Subject: [PATCH] tests/tcg/i386: Introduce and use reg_t consistently
MIME-Version: 1.0
Content-Type: text/plain; charset=UTF-8
Content-Transfer-Encoding: 8bit
Define reg_t based on the actual register width.
Define the inlines using that type. This will allow
input registers to 32-bit insns to be set to 64-bit
values on x86-64, which allows testing various edge cases.

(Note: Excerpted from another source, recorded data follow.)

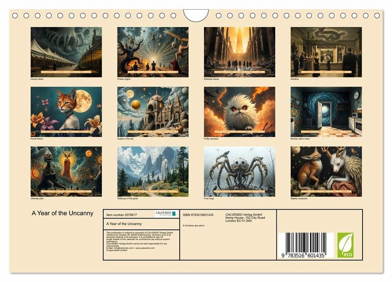 QUALITY - High-quality photo calendar with 12 beautiful images on light-resistant paper, robust spiral binding with hanger.SUSTAINABLE - Significant waste reduction due to print-on-demand production, environmentally friendly FSC-certified paper, produced in the UK, climate-conscious logistical processes.PERFECT GIFT - calendars for friends and family, for children, all ages and all occasions, from Christmas to birthdays and everything in between.LOTS OF CHOICE - Wall calendars in different sizes (DIN A4 and DIN A3), for any topic and personal taste, featuring photography, painting and illustrations.Surreal and Bizarre Visions, author: Christine aka stine1
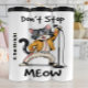 Este gráfico engraçado mostra um gato de desenho vestido como uma famosa estrela do rock numa jaqueta amarela, tocando uma pose com um microfone. O design inclui o slogan "Não Pare o MEOW", fazer que seja um tributo inteligente e humorístico à música e aos felinos.
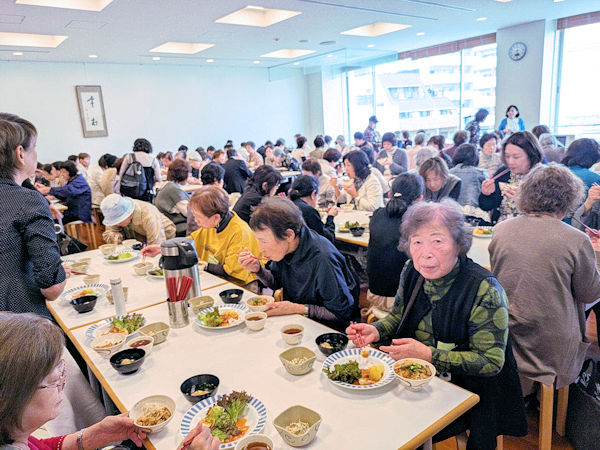 その取り組みの柱、「オープン食堂」10月5日に賑やかに開催されました。猛暑が過ぎ人通りも戻って96名(内新人45名)の方が入館されました(運営含むと144食と完売)。玄関前でスーツケースを持った親子連れに声をかけると「昨日万博に行って帰りは夜中になって
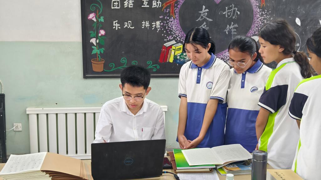 同樣來(lái)自山東的小伙兒蓋彥吉對(duì)支教事業(yè)抱有激情。2024年夏天,從中國(guó)農(nóng)業(yè)大學(xué)本科畢業(yè)后,他參加了學(xué)校的西部計(jì)劃研究生支教團(tuán),來(lái)到莎車縣第三中學(xué)任教。在教學(xué)工作中,蓋彥吉發(fā)現(xiàn),青年教師的天然親和力,能更好激發(fā)學(xué)生的求知欲。
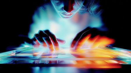 Fingers glide swiftly over a colorful keyboard, illuminating the dark with radiant patterns of light and energy.
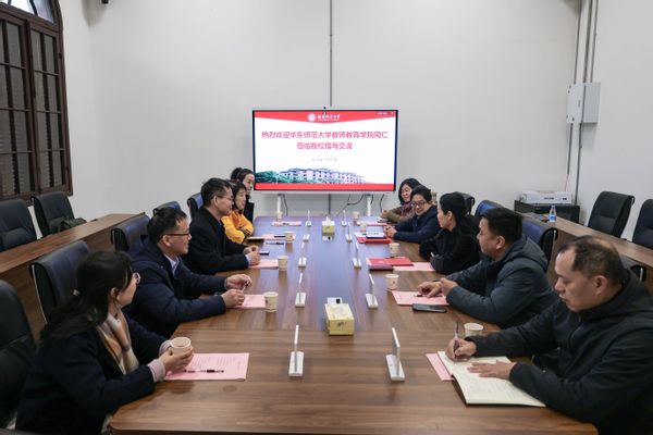 1月22日,华东师范大学教师教育学院院长代蕊华、副院长俞虹一行10人到教师教育学院座谈交流。校党委副书记陈晓红,教师教育学院党委书记陈祖棋、院长吴文哲、副院长郭秋荣参加座谈会。我校驻华东师范大学挂职干部、华东师范大学教师教育学院副院长邱海锋陪同交流。
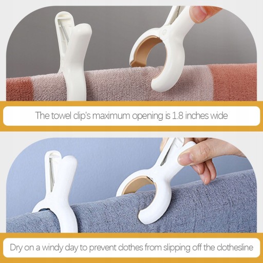 Klipsy do urządzeń są proste i wygodne w użyciu, promują i lekkie do użytku na zewnątrz. Klipsy do ręczników mogą być używane do przytrzymywania nieporęcznych czynności, takich jak kołdry, koce, prześcieradła i inne ubrania do suszenia w wietrzne dni i dalej zsuwaniu się ze sznurka.
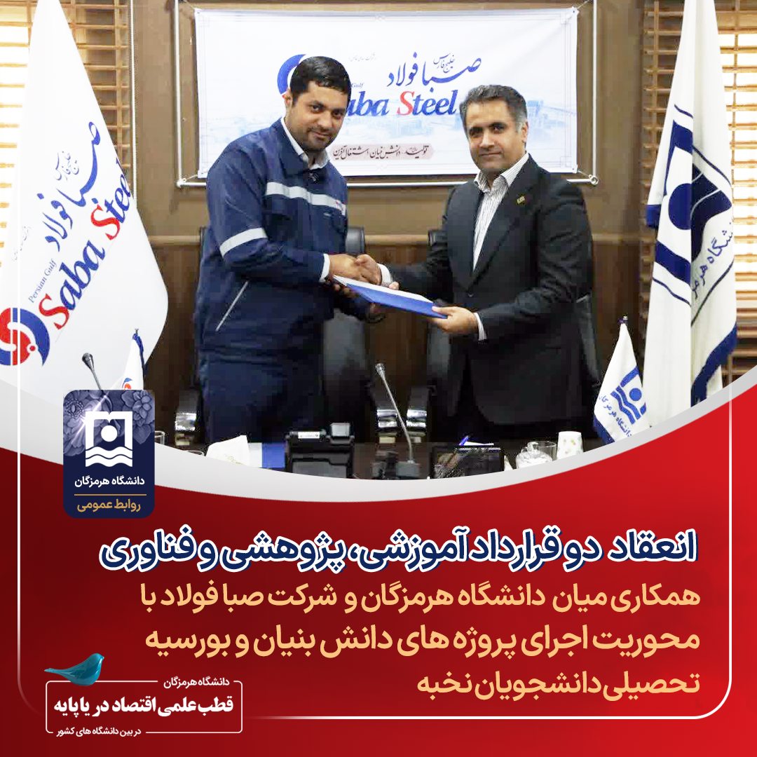انعقاد قرارداد بورسیه مهارت افزایی و اشتغال دانشجویان میان شرکت صبا فولاد و دانشگاه هرمزگان به همت مدیریت کارآفرینی و ارتباط با جامعه دانشگاه هرمزگان
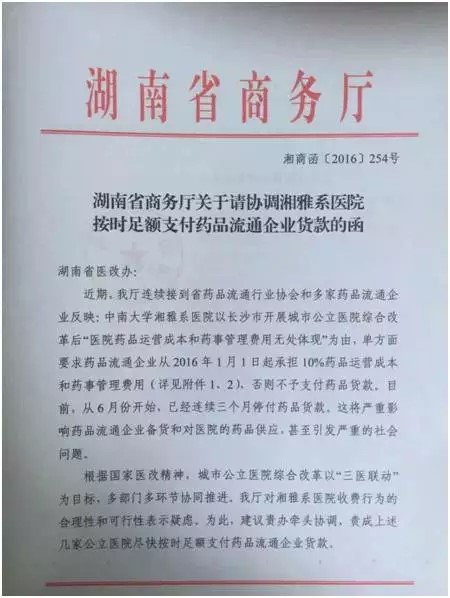那么现在情况怎么样了呢?据《看医界》获悉,湖南省商务厅近日给湖南省医改办发函,称湖南几家大医院以“医院药品运营成本和药事管理费用无处体现” 为由,从六月份开始,已经连续三个月停止支付药品货款。
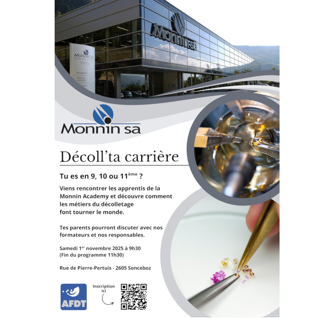 📅 Samedi 1er novembre 2025, de 9h30 à 11h30, Monnin SA ouvre ses portes aux élèves de la 9H à la 11H et à leurs parents !
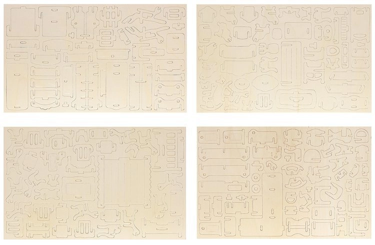 I singoli pezzi si incastrano facilmente in modelli tridimensionali. Grazie alla superficie naturale, i mobili possono essere dipinti e decorati a piacere.
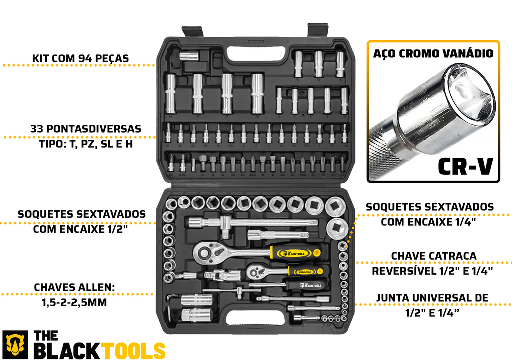 ESPECIFICAÇÕES: - Material: Aço cromo-vanádio (Cr-V) - Acabamento: Cromado - Número de peças: 94 - Encaixe: 1/4" e 1/2"
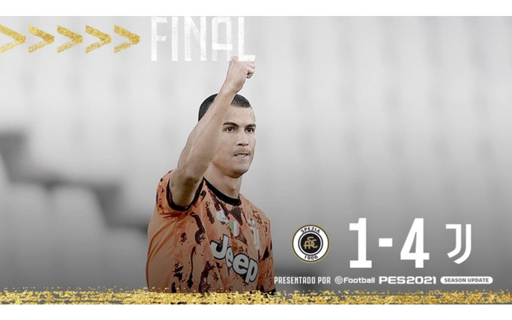 Cristiano Ronaldo inició en la banca, tras superar la Covid-19, pero comandó la victoria como visitante de la Vecchia Signora 1-4 frente a Spezia, con goles al 59′ y 79′ (penal).

Signed-off-by: Richard Henderson <richard.henderson@linaro.org>
Reviewed-by: Philippe Mathieu-Daudé <philmd@linaro.org>
Message-Id: <20230114230542.3116013-2-richard.henderson@linaro.org>
Signed-off-by: Paolo Bonzini <pbonzini@redhat.com>
(cherry-picked from commit 5d62d6649cd367b5b4a3676e7514d2f9ca86cb03)
Signed-off-by: Fiona Ebner <f.ebner@proxmox.com>
---
tests/tcg/i386/test-i386-bmi2.c | 182 ++++++++++++++++----------------
1 file changed, 93 insertions(+), 89 deletions(-)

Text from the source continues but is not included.